The code is tested in Linux (Ubuntu 16.04 and 20.04) with the dependency versions in requirements.txt. Similar environments are likely to work also but YMMV.

Datasets

Refer to the READMEs in the data directory for pre-processing and setup instructions.

Basic usage

To train a model, use python3 train_e2e.py <dataset_name> <frame_dir> -s <save_dir> -m <model_arch>.

<dataset_name>: supports tennis, fs_comp, fs_perf, finediving, finegym, soccernetv2, soccernet_ball
<frame_dir>: path to the extracted frames
<save_dir>: path to save logs, checkpoints, and inference results
<model_arch>: feature extractor architecture (e.g., RegNet-Y 200MF w/ GSM : rny002_gsm)

Training will produce checkpoints, predictions for the val split, and predictions for the test split on the best validation epoch.

To evaluate a set of predictions with the mean-AP metric, use python3 eval.py -s <split> <model_dir_or_prediction_file>.

<model_dir_or_prediction_file>: can be the saved directory of a model containing predictions or a path to a prediction file.

The predictions are saved as either pred-{split}.{epoch}.recall.json.gz or pred-{split}.{epoch}.json files. The latter contains only the top class predictions for each frame, omitting all background, while the former contains all non-background detections above a low threshold, to complete the precision-recall curve.
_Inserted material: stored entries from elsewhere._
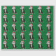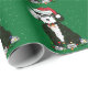 Cute Personalised Black and White Cartoon Bernedoodle Puppy wearing custom Santa hat, red bow with jingle bells, tangled in christmas lights. Festive holiday green snowy background. Add your bernedoodle's name to this adorable holiday christmas wrapping paper!
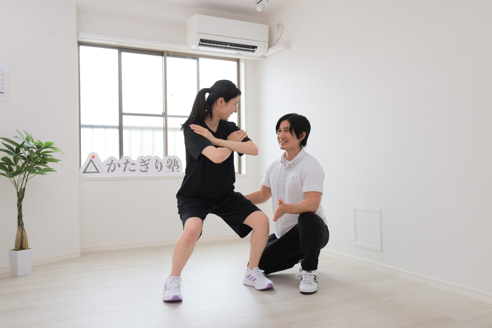 - 大丈夫です!かたぎり塾には、元々運動経験がない方も大勢通われています。お客様の身体や骨格の悩みに寄り添いながら、丁寧にトレーニング指導をさせていただきます。
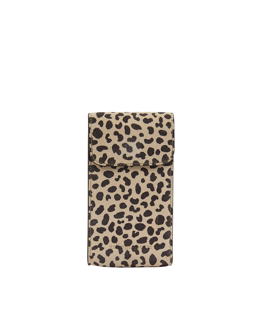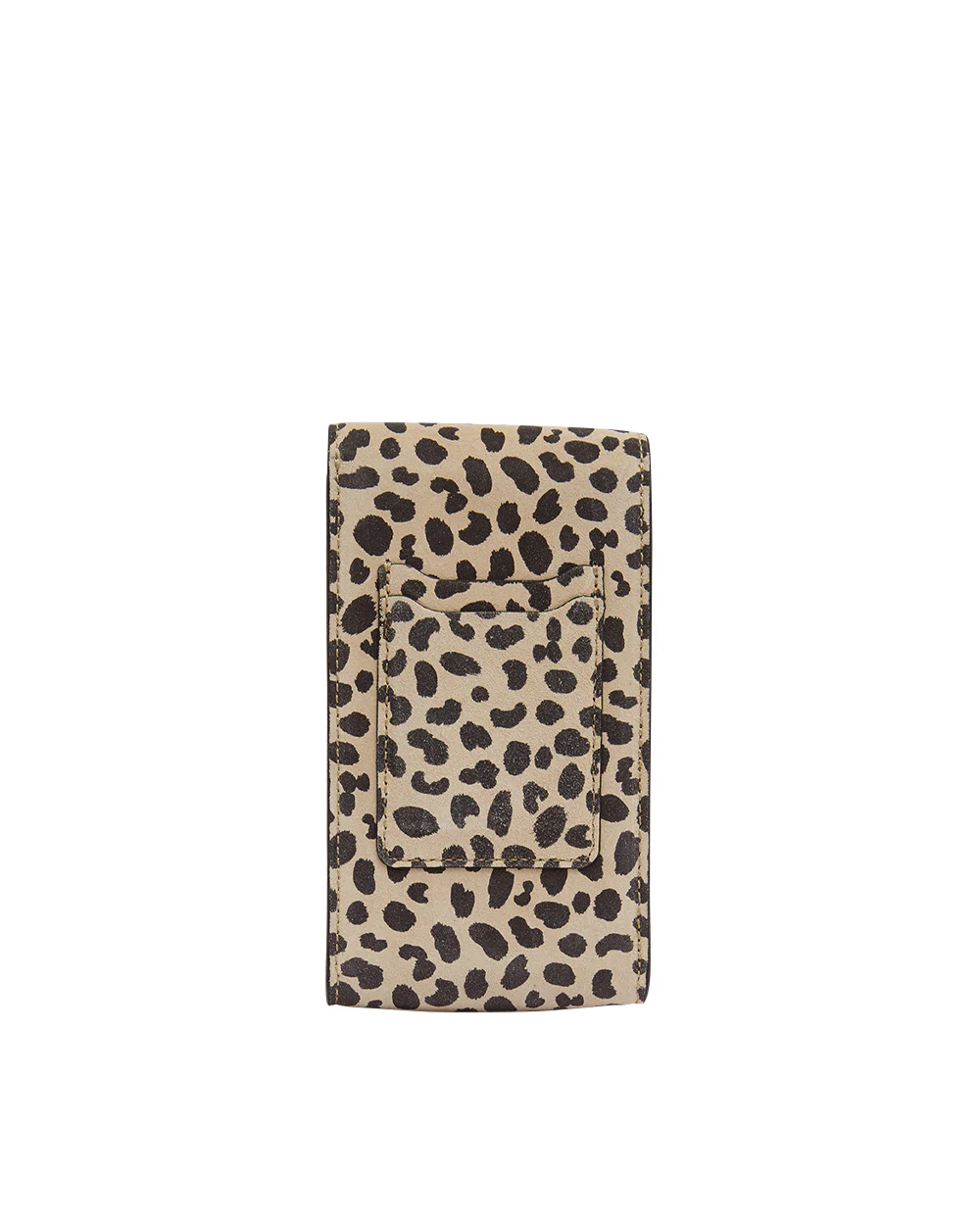 The Arlington Milne Celeste Phone Bag is crafted from premium suede. The bag features light gold hardware, a leather crossbody strap and short chain wrist strap. The bonded leather top flap is secured with a hidden mag closure and opens to reveal light toned leather lining. The Celeste features two rear mounted card slots.
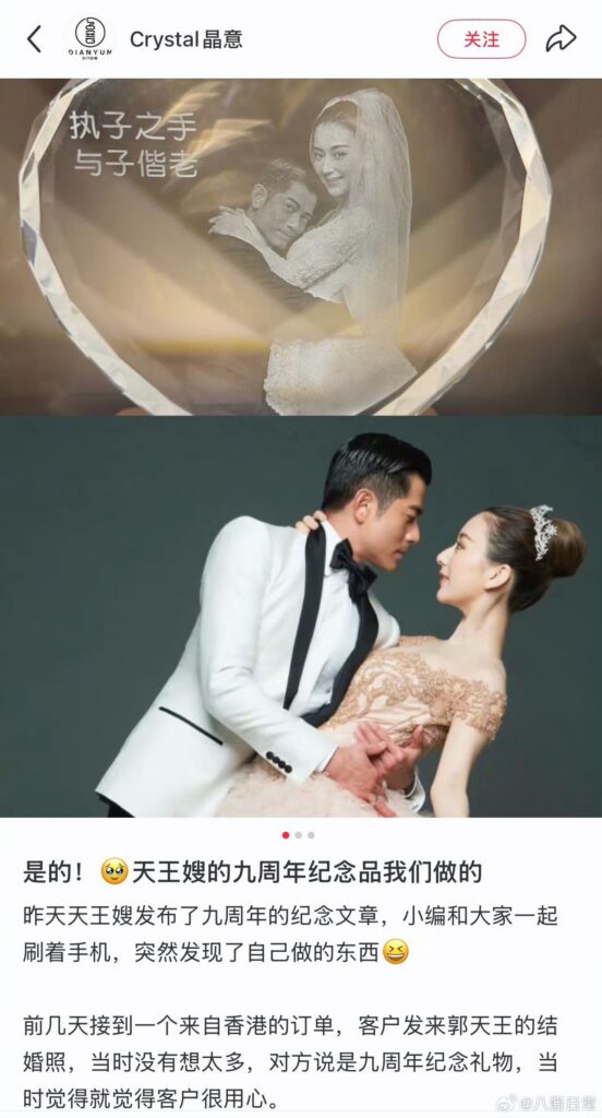 為了紀念攜手走過9年,郭富城與方媛特別訂製了一對水晶擺飾,上面都刻有兩人的婚紗照與「執子之手,與子偕老」的誓詞。方媛的是一款心形發光水晶燈,折扣後的價格僅235元;而郭富城的則是一款方形藍牙喇叭擺飾,售價338元。商家透露,幾天前收到來自香港的訂單,當時客戶提供郭富城的結婚照,他們還沒想太多,只覺得「客戶很用心」,沒想到幾天後就在郭富城的社群平台上看到這兩款訂製商品。
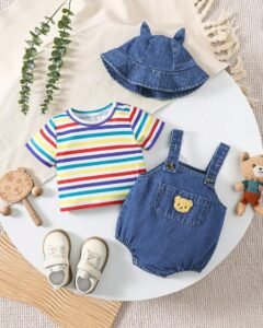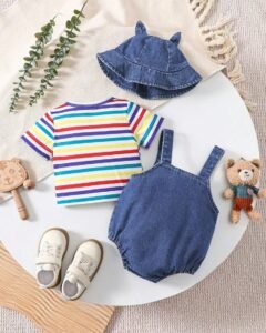 Conjunto de ropa linda a rayas para bebés recién nacidos niños

We also save per-frame scores, pred-{split}.{epoch}.score.json.gz, which can be used to combine predictions from multiple models (see eval_ensemble.py).

Trained models

Models and configurations can be found at https://github.com/jhong93/e2e-spot-models/. Place the checkpoint file and config.json file in the same directory.

To perform inference with an already trained model, use python3 test_e2e.py <model_dir> <frame_dir> -s <split> --save. This will save the predictions in the model directory, using the default file naming scheme.

Baselines

Implementations for several baselines in the paper are in baseline,py. TSP and 2D-VPD features are available in our Google Drive.

Using your own data

Each dataset has plaintext files that contain the list of classes and events in each video.

class.txt

This is a list of the class names, one per line.

{split}.json

This file contains entries for each video and its contained events.

[
    {
        "video": VIDEO_ID,
        "num_frames": 4325,                 // Video length
        "num_events": 10,
        "events": [
            {
                "frame": 525,               // Frame
                "label": CLASS_NAME,        // Event class
                "comment": ""               // Optional comments
            },
            ...
        ],
        "fps": 25,
        "width": 1920,      // Metadata about the source video
        "height": 1080
    },
    ...
]

Frame directory

We assume pre-extracted frames (either RGB in jpg format or optical flow), that have been resized to 224 pixels high or similar. The organization of the frames is expected to be <frame_dir>/<video_id>/<frame_number>.jpg. For example,

video1/
├─ 000000.jpg
├─ 000001.jpg
├─ 000002.jpg
├─ ...
video2/
├─ 000000.jpg
├─ ...

Prediction file format

Predictions are formatted similarly to the labels:

[
    {
        "video": VIDEO_ID,
        "events": [
            {
                "frame": 525,               // Frame
                "label": CLASS_NAME,        // Event class
                "score": 0.96142578125
            },
            ...
        ],
        "fps": 25           // Metadata about the source video
    },
    ...
]